▶ [Problem to work on]:
Return the first line of the listing below and all the lines after it through the one containing "The Daily SuDoku: Fri 28-Feb-2025", exactly, without pictures.

▶ [Extracted information]:
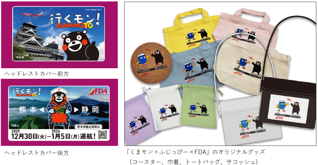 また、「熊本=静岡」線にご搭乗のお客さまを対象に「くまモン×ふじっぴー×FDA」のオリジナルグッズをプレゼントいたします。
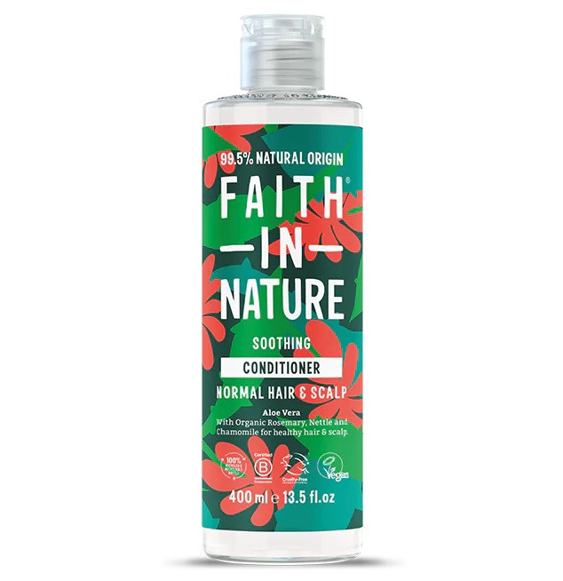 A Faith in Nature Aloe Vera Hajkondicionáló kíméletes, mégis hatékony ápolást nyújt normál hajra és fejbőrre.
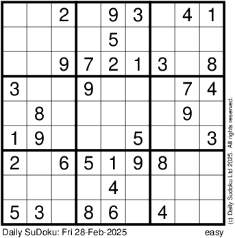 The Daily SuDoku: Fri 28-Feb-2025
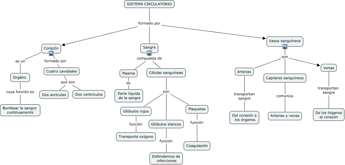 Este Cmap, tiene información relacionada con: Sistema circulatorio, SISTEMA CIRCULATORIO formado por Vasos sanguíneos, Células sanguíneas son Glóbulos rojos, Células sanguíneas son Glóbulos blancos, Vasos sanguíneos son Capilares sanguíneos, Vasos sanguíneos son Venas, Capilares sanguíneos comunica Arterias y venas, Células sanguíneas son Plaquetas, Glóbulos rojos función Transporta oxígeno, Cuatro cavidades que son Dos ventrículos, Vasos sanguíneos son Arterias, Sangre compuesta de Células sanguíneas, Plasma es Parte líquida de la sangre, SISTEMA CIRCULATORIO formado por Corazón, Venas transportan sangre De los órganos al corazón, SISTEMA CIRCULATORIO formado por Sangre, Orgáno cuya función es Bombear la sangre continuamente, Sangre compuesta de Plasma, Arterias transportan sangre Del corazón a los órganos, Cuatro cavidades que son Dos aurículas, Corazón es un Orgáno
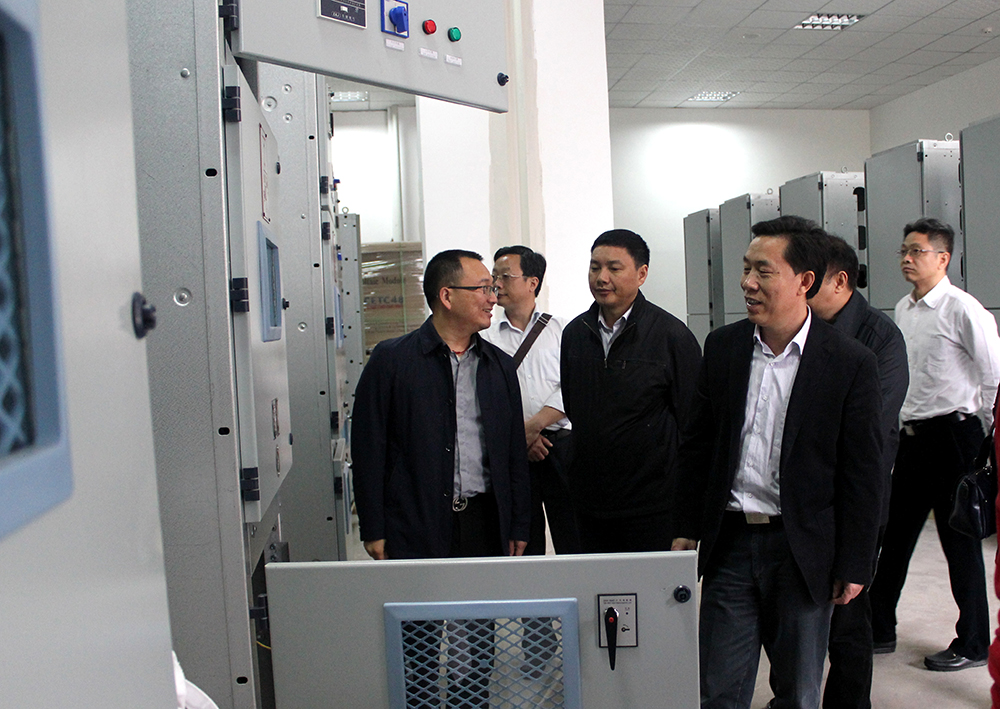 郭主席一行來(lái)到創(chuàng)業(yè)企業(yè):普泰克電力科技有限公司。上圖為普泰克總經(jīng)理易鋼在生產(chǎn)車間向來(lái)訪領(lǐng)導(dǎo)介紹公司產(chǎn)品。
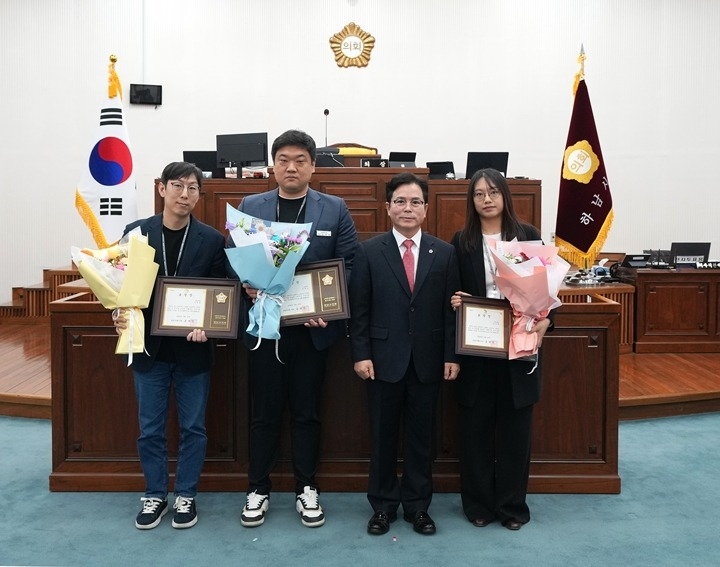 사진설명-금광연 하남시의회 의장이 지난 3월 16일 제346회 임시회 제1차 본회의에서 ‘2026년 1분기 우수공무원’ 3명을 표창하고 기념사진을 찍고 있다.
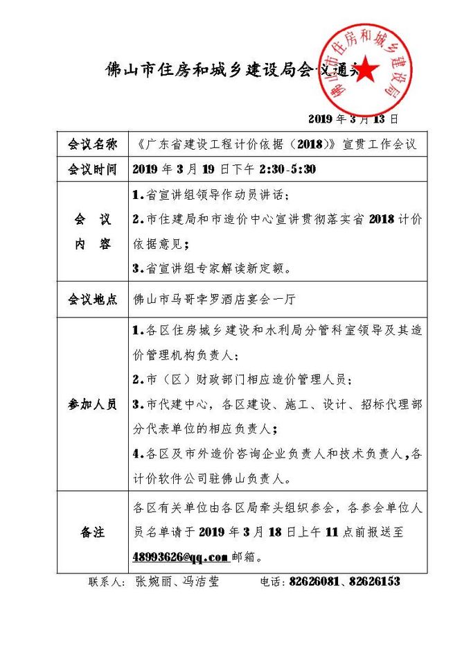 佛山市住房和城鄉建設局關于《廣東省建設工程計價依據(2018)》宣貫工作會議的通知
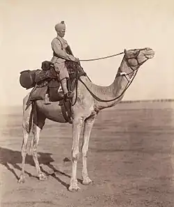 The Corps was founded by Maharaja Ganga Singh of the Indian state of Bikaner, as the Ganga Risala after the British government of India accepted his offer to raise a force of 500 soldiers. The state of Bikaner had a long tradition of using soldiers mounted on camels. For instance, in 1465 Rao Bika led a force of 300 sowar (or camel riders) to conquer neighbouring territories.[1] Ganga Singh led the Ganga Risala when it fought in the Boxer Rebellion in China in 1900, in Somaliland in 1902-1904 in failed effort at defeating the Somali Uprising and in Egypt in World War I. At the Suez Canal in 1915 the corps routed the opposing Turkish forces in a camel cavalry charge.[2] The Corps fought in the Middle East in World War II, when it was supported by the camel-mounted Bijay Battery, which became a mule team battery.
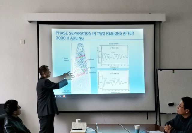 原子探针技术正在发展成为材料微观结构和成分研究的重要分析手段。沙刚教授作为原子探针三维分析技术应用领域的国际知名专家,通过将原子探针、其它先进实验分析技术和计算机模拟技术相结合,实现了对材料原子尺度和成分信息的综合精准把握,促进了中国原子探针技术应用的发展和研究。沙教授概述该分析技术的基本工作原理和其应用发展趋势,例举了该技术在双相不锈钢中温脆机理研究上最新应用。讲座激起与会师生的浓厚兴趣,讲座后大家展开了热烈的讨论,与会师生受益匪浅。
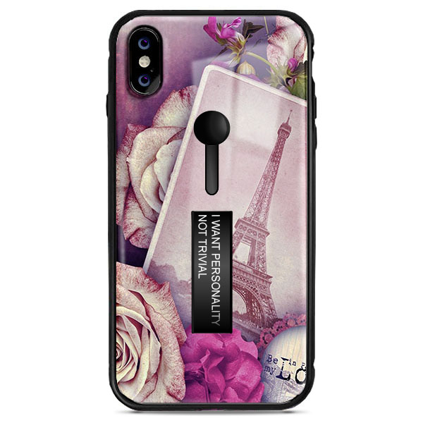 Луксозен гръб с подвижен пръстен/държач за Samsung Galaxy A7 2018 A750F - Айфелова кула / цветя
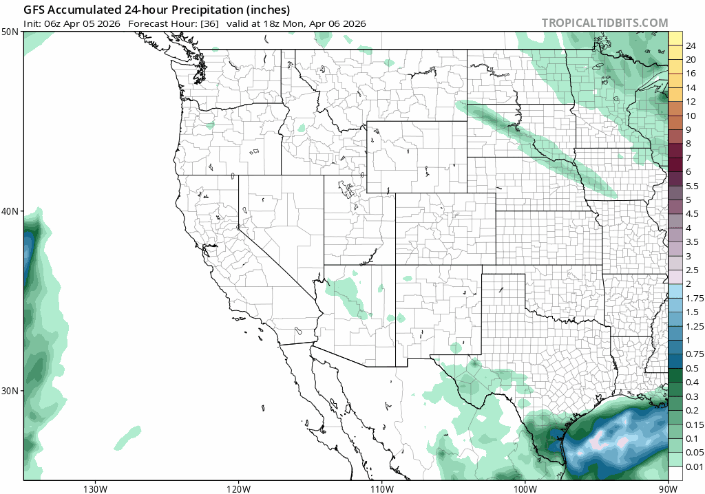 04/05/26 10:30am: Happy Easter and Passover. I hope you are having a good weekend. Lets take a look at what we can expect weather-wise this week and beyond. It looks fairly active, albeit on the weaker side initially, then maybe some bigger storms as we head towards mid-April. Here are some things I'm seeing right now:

▶ [Solution to this task]:
 また、「熊本=静岡」線にご搭乗のお客さまを対象に「くまモン×ふじっぴー×FDA」のオリジナルグッズをプレゼントいたします。
 A Faith in Nature Aloe Vera Hajkondicionáló kíméletes, mégis hatékony ápolást nyújt normál hajra és fejbőrre.
 The Daily SuDoku: Fri 28-Feb-2025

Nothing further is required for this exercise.